What can housing policymakers, advocates, and planners learn from Bhasantek? First, the long-running BRP design and implementation lacked community participation and independent monitoring, which translated into exclusion of deserving households from the project’s start to present. Second, apartment-style resettlement plans do not by themselves work for slum dwellers. Housing is about a bundle of services (employment, healthcare, education etc.), and not merely the physical shelter itself. Within informal settlements, dwellers can add rooms to their houses as family size increases or add more space for business. Apartments do not always provide the spatial flexibility that is necessary for the urban poor’s survival in an iniquitous city. In cases like Singapore, the success of apartment-based resettlement is due to tremendous state subsidies, exceptional management, and an equitable process. Apartments left entirely to the management of dwellers do not usually work in the long run.

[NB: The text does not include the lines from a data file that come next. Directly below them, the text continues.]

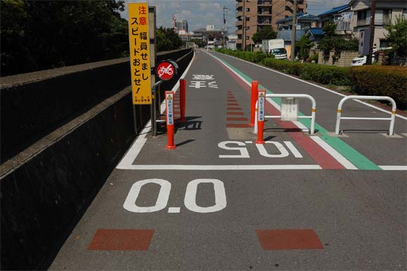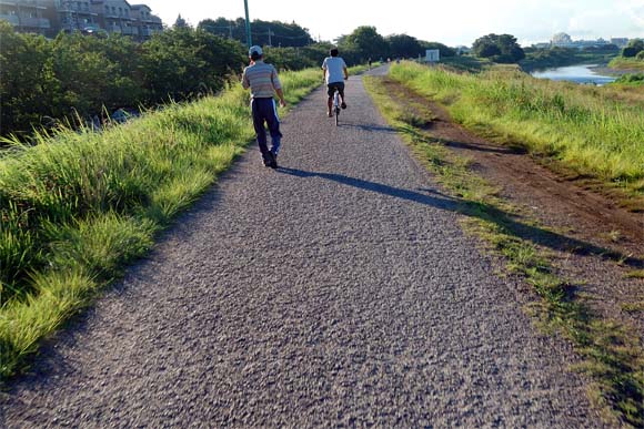 帰りは大師橋を渡らずに、川の北東側(上流に向かって右側)を行くことにしよう。やっぱり景色がずいぶんと違う。そしてオフィシャルサイクリングロードの始まりだ。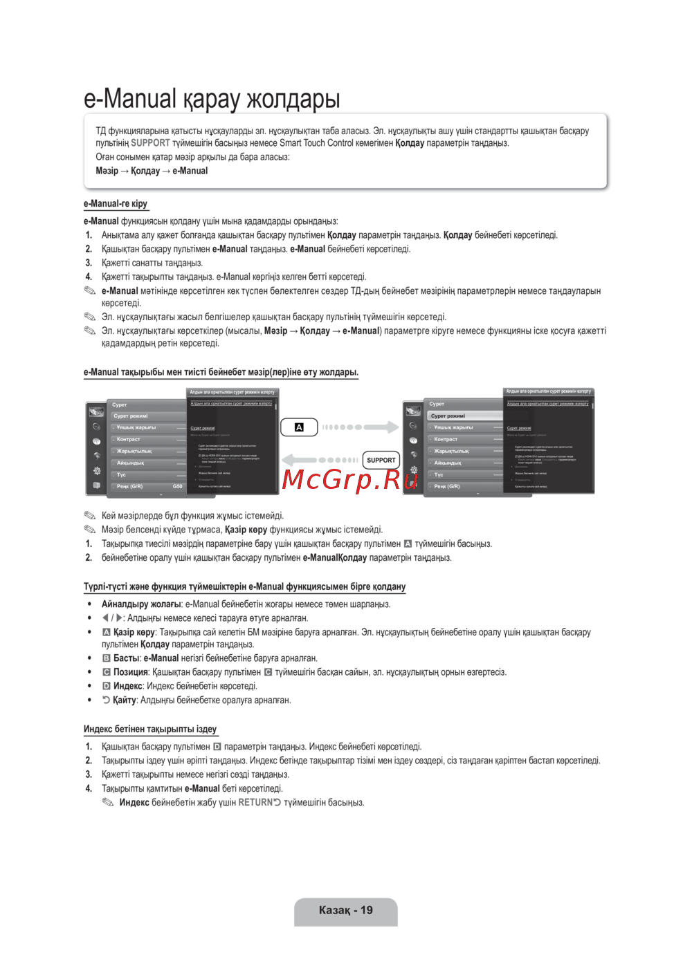 Эл. нұсқаулықтағы көрсеткілер (мысалы, Мәзір → Қолдау → e-Manual) параметрге кіруге немесе функцияны іске қосуға қажетті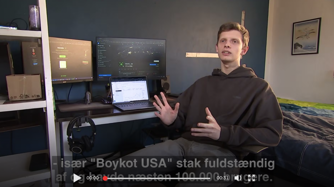 Функціонал застосунку дозволяє сканувати штрихкод товару, дізнаватися країну походження продукту та підбирати альтернативи, не пов’язані зі США. Станом на зараз UdenUSA посідає четверте місце за кількістю завантажень у данському App Store, випереджаючи низку глобальних сервісів.
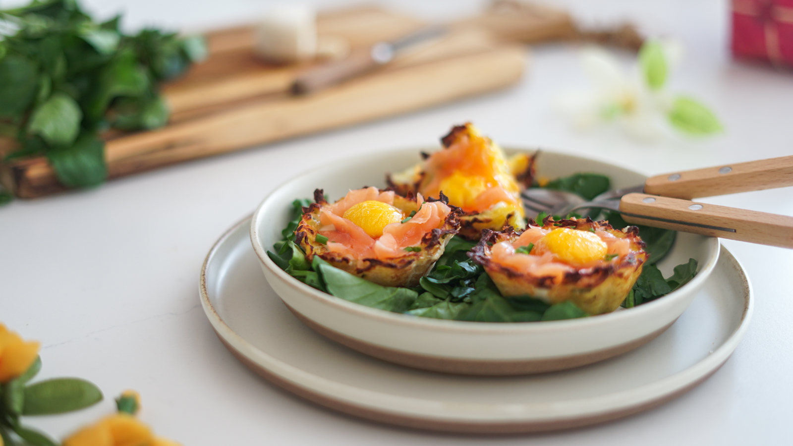 En panne d’idée pour votre entrée de Pâques ou pour le brunch ? Voici les nids de Pâques aux pommes de terre. Une idée toute simple mais délicieuse que j’ai légèrement twistée en ajoutant une touche chic et gourmande avec du chèvre et du saumon fumé. Vous n’êtes bien sûr pas obligé d’en mettre … mais c’est très bon ainsi ! Et si vous n’aimez pas le saumon ou que vous n’aimez pas ça, remplacez-le par du jambon, des chips de lard fumé ou pour une version veggie dasn champignons ou des tagliatelles d’asperges.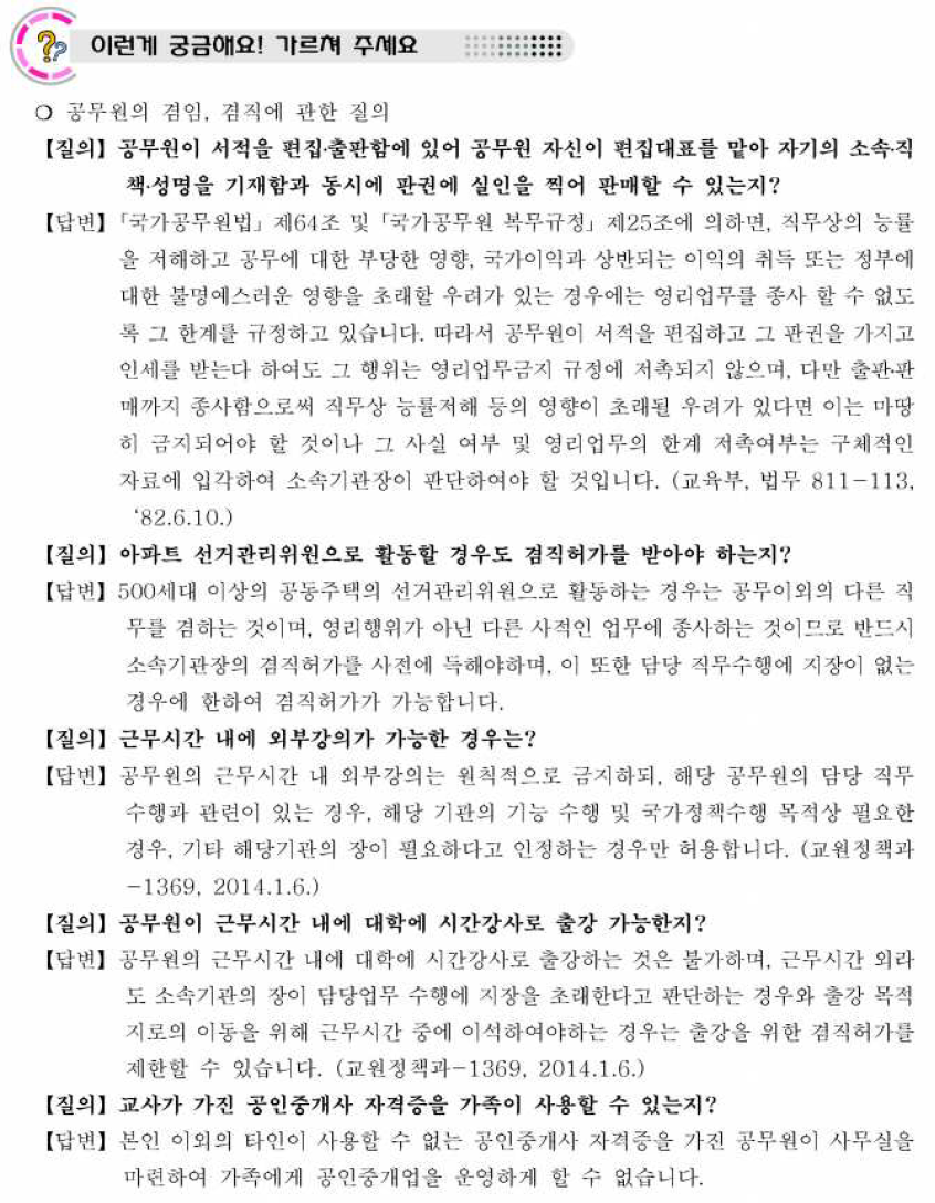 2. 대학의 시간강사, 겸임교수 등으로 위촉되는 경우 : 소속 부서의 장을 경유, 소속기관의 장으로부터 겸직허가를 받아야 함.

Third, Dhaka persists in its growth as a megacity. The United Nations projections suggest that Dhaka’s population will be over 27 million in 2030. At present, the private market provides housing for the middle to upper income residents, while over a million urban dwellers (in conservative estimates) are compelled to live in informal settlements that they build and maintain without any direct support from the government and under constant threat of tenure insecurity. Let’s just return to the case of Bhasantek. Over the years, the informal settlement dwellers of Bhasantek have grown. According to the 2014 Bangladesh Bureau of Statistics survey of slum population, Bhasantek settlement’s households increased to 5,482 (compared to 3,260 households in 2003). How many apartment complexes will the government build to house Dhaka’s growing informal settlement dwellers?

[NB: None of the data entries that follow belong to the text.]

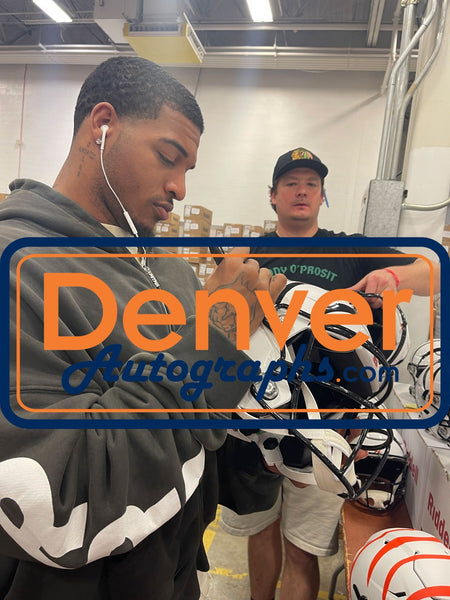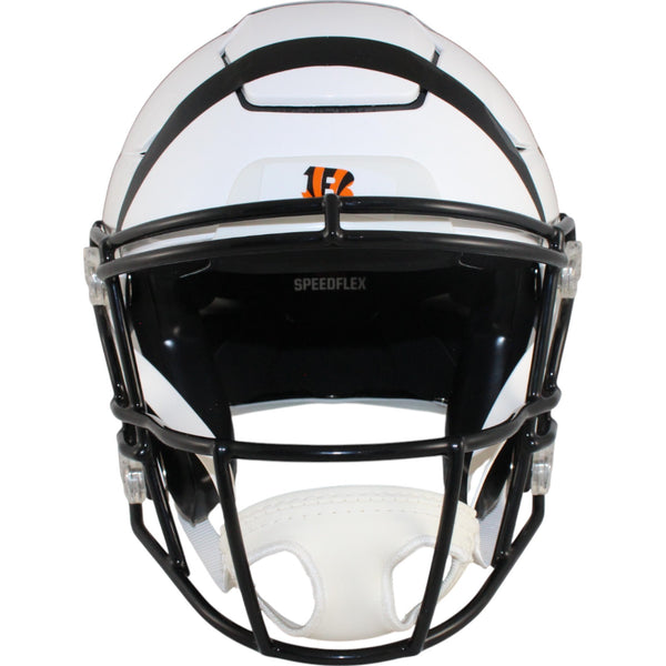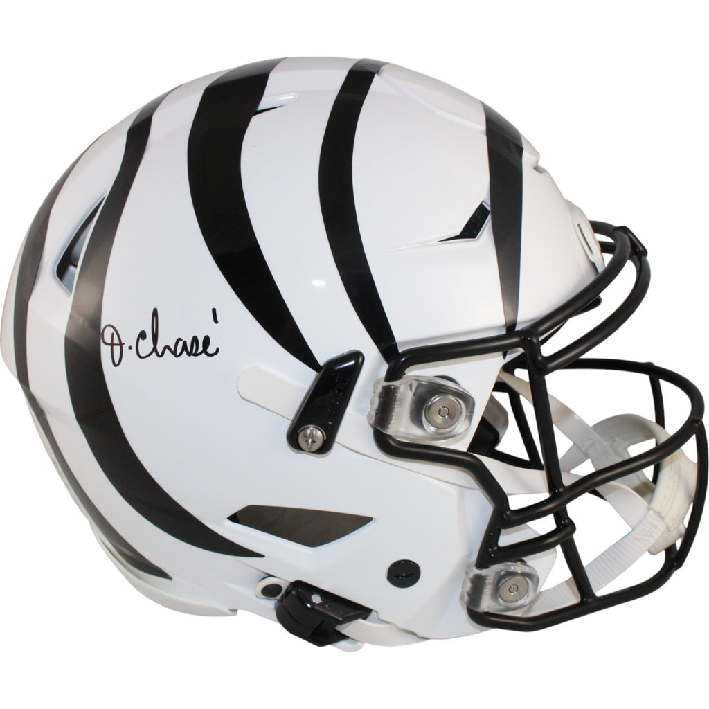 The number in the listing title is just an inventory sku for our records and is not the authentication number. The item pictured is a stock photo unless otherwise noted. This is a Cincinnati Bengals Full Size Authentic SpeedFlex 2022 Alternate Helmet that was personally autographed by Ja'Marr Chase. Includes a certificate of authenticity from Beckett Authentication Services (BAS) and Denver Autographs.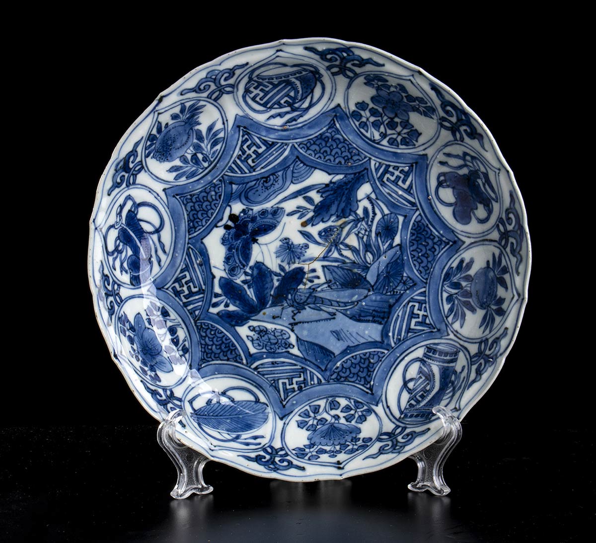 PIATTO IN PORCELLANA 'BIANCO E BLU' DI TIPO 'KRAAK'<br>Cina, dinastia Ming, inizio del XVII secolo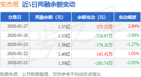 证券之星消息,1月27日,安杰思(688581)融资买入1222.74万元,融资偿还850.27万元,融资净买入372.47万元,融资余额1.36亿元,近20个交易日中有13个交易日出现融资净买入。
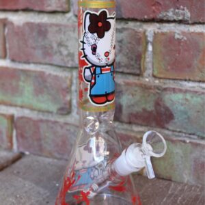 The Killer Kitty Beaker Water Pipe blends playful design with classic performance. Standing at 10 inches tall, this durable borosilicate glass piece features bright Hello Kitty-inspired artwork and red accent graphics. The wide beaker base provides excellent stability and smooth filtration, while the removable downstem and bowl make it easy to clean and maintain.

Dealing with the predicament of informal settlement dwellers is nothing new around the globe. UN-Habitat has put forward ample evidence to support in-situ slum upgrading as the most viable and equitable solution for the world’s urban poor. After all, it is informal settlements that are affordable, walkable, and flexible neighbourhoods for the urban poor. It is in these informal settlements that the city authorities and the poor residents can incrementally build drainage, sanitation, roads, houses, schools, clinics, gardens, shops, etc., at a pace that’s technically and financially feasible for them. In such cases, the city is not burdened with having to provide urban services everywhere all at once, and hard-working people get to decide what’s to be upgraded based on their local needs.

It is crucial that Dhaka’s urban policymakers and housing advocates recognise the informal housing sector as the single largest supplier of inclusionary housing in the city and support informal settlements through policies, laws, infrastructure, finances, and resources. Policymakers and advocates should recognise existing informal settlement dweller groups and associations as social units that can acquire, own, and manage urban land for housing.

As “slums” are demolished or wait for demolition, from Duaripara to Korail, as “slums” burn from Kalshi to Chalantika, as the failed Bhasantek stands with good intentions, as mayors and councillors take office with promises to turn Dhaka into an “intelligent city”, “a top-class metropolis”, and “a tourist hub”, we need an honest answer to a collective question: Are we creating a humane Dhaka? Are we creating a Dhaka that recognises the ingenuity and rights of those neglected others on whose backs the city stands?

 

Efadul Huq is doing his PhD on Urban and Regional Planning at University of Illinois at Urbana-Champaign and is a Visiting Researcher at International Centre for Climate Change and Development.